In short, the NYT felt that they did the best that they could, but academics and researchers feel short-changed. However, in a strange way, they are both right. 

The Limits of Citation

There are definite limits to who and how much can be cited in the confines of a news article. As Jack Shafer at Politico pointed out, “The problem with credit-giving is that somebody always gets left out.”

Where that line is drawn is a difficult question. When you’re writing a report that literally had over a hundred contributors, not every name can fit. Who is included in the article and who is relegated to the secondary page is a difficult decision to make. 

However, the issue isn’t that the NYT failed to include everyone. To many academics, it’s that the tone of the piece presents the issue as one they discovered, not simply an area of intense research that has had little public exposure.

That criticism, in turn, is much more fair. Even if the NYT could not have named every single researcher or individual that contributed, clearly indicating that this piece is based on such research would go a long way to smoothing out this divide.

While it is true that the NYT could not have attributed their work to academic standards, there is still more that they could have and should have done within the standards of journalism. Not doing that, is a disservice to both the researchers and the audience.

While I don’t believe that the NYT meant any ham and I do believe them when they say that their goal was transparency, the truth is that very few people will look at their complete list of sources. Most will simply read the piece and, according to the academics that contributed, walk away with a misunderstanding about the work being done in this field.

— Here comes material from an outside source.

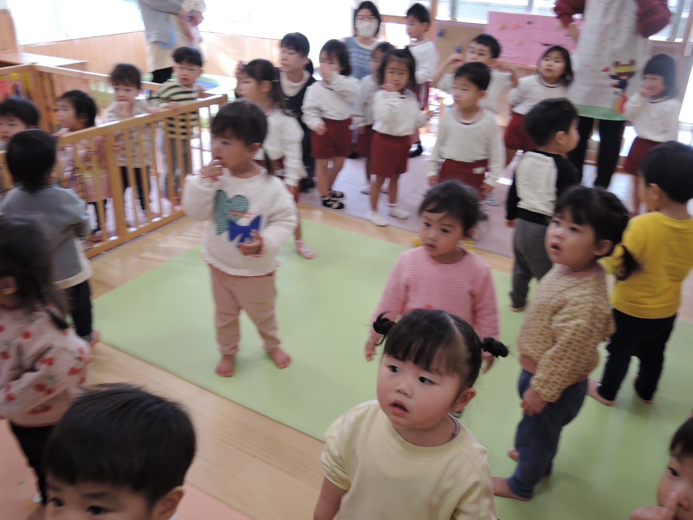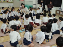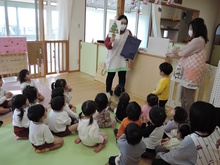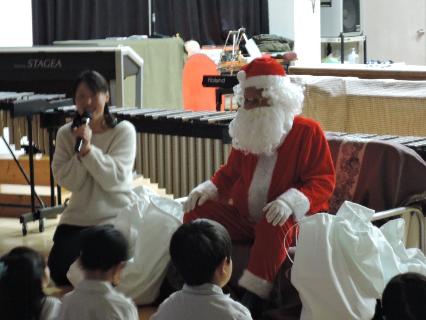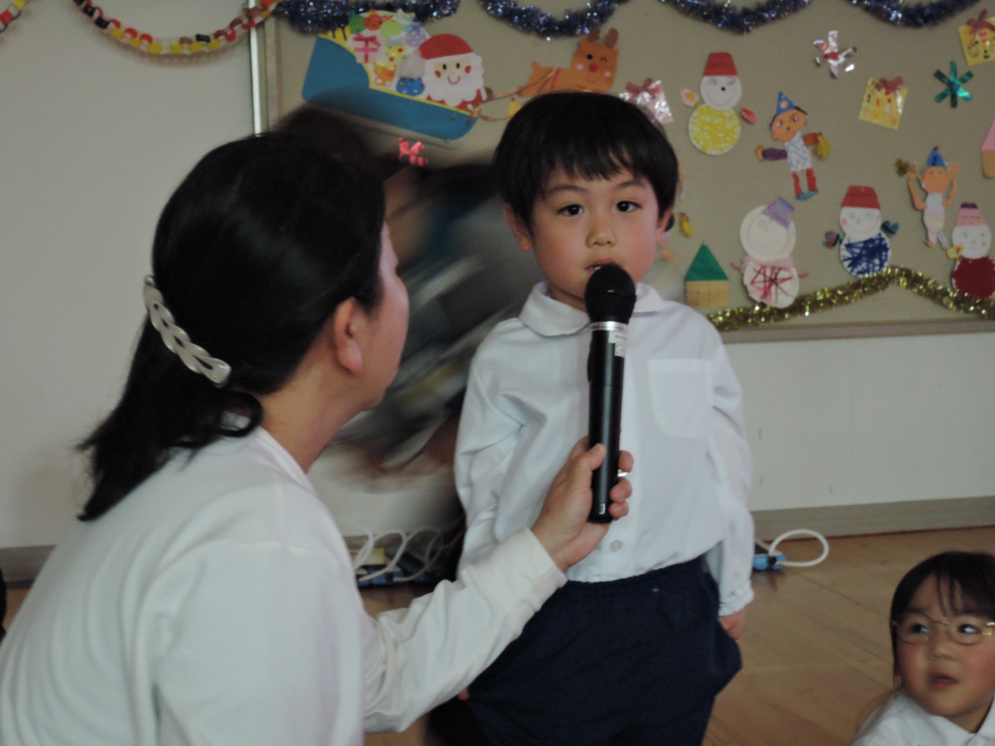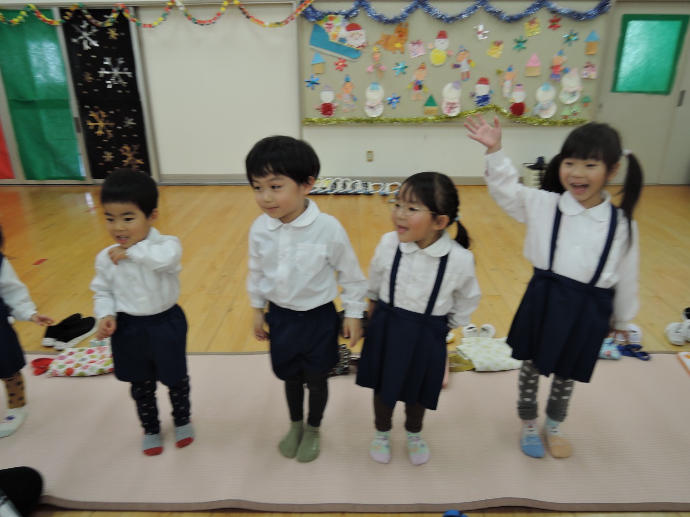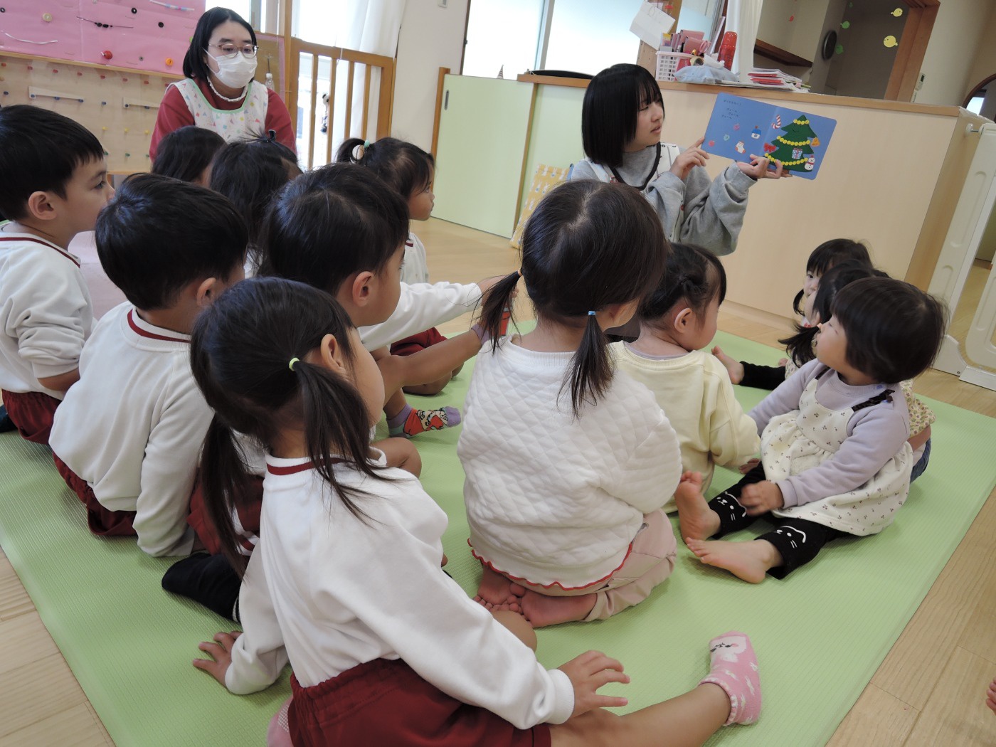 サンタさんからのお手紙が届いた次の日、小さいお友だちと大きいお友だちに分かれて、クリスマス会をしました。小さいお友だちがひよこ組のお部屋に集まって、クリスマスの絵本を読んでもらったりクイズを楽しんだりしていると、プレゼントを持ったサンタさんが登場。びっくりして泣き出したり、お口がポカンと空いたり、大喜びしたりして、いろいろな顔が入り混じっていました。ホールでは大きいお友だちが集まって、うそほんとゲームで大盛り上がり。先生からのトーンチャイムの音楽のプレゼントはとても美しかったです。クリスマスの歌を元気よく歌っていると、遠くから鈴の音。約束通り、サンタさんがプレゼントを持って来てくれました。「どうして赤い服を着ているの?」「いつもメガネをかけているのはなぜ?」子どもたちの質問にも丁寧に答えてくれたサンタさん。来年もまた来てくださいね。ホールに飾られたクリスマスのリースやお人形、とっても素敵です。お家に持って帰って飾ってくださいね。

The truth is that better citation, even just focusing on acknowledging the work of key researchers, would not have drastically changed the piece. However, it would have gone a long way to both alert readers to the work going on underneath the reporting and in appeasing the researchers now criticizing them.

Bottom Line

The NYT was always in a difficult position with this piece when it comes to citation. There was no way to cite everyone who helped, at least not within the piece itself, and working with academics, who have a more strict citation standard, opened the door to disagreements about attribution.

So yes, the NYT had to make some very difficult decisions and handled elements of those decisions well. The choice to create a separate sources page was savvy and to further use sources like Github to share additional information was also clever and appropriate. 

However, it’s apparent that their approach in the piece itself did not do enough. When you’re basing a report on a long history of research, you may not be able to cite every single person who contributed, but you can make it clear that there is much more going on under the surface.

To be clear, I don’t think the NYT or the reporters were malicious. I don’t think there was a conscious decision to under cite the actual piece. Instead, I think that the NYT missed opportunities to clarify the nature of the story and give more clear credit. 

What I find more disturbing is that the NYT is essentially digging in its heels after the issue has been pointed out. This is an opportunity for the paper to address the issue and fix it. Instead, they seem more interested in arguing over the details.

To be clear, citation and attribution battles like this one are going to happen, especially writers work across separate kinds of works. However, this isn’t simply a case of researchers being upset they weren’t cited like they would in an academic paper, but rather, contesting the overall narrative of the piece.

While there were always going to be limits on what the NYT could do, it could have and should have done more.

When discussing citation, I always encourage writers to do whatever they can and to bake transparency into the writing itself. No one has ever been criticized for over-citing a work.

However, this is one time the NYT did not heed that advice.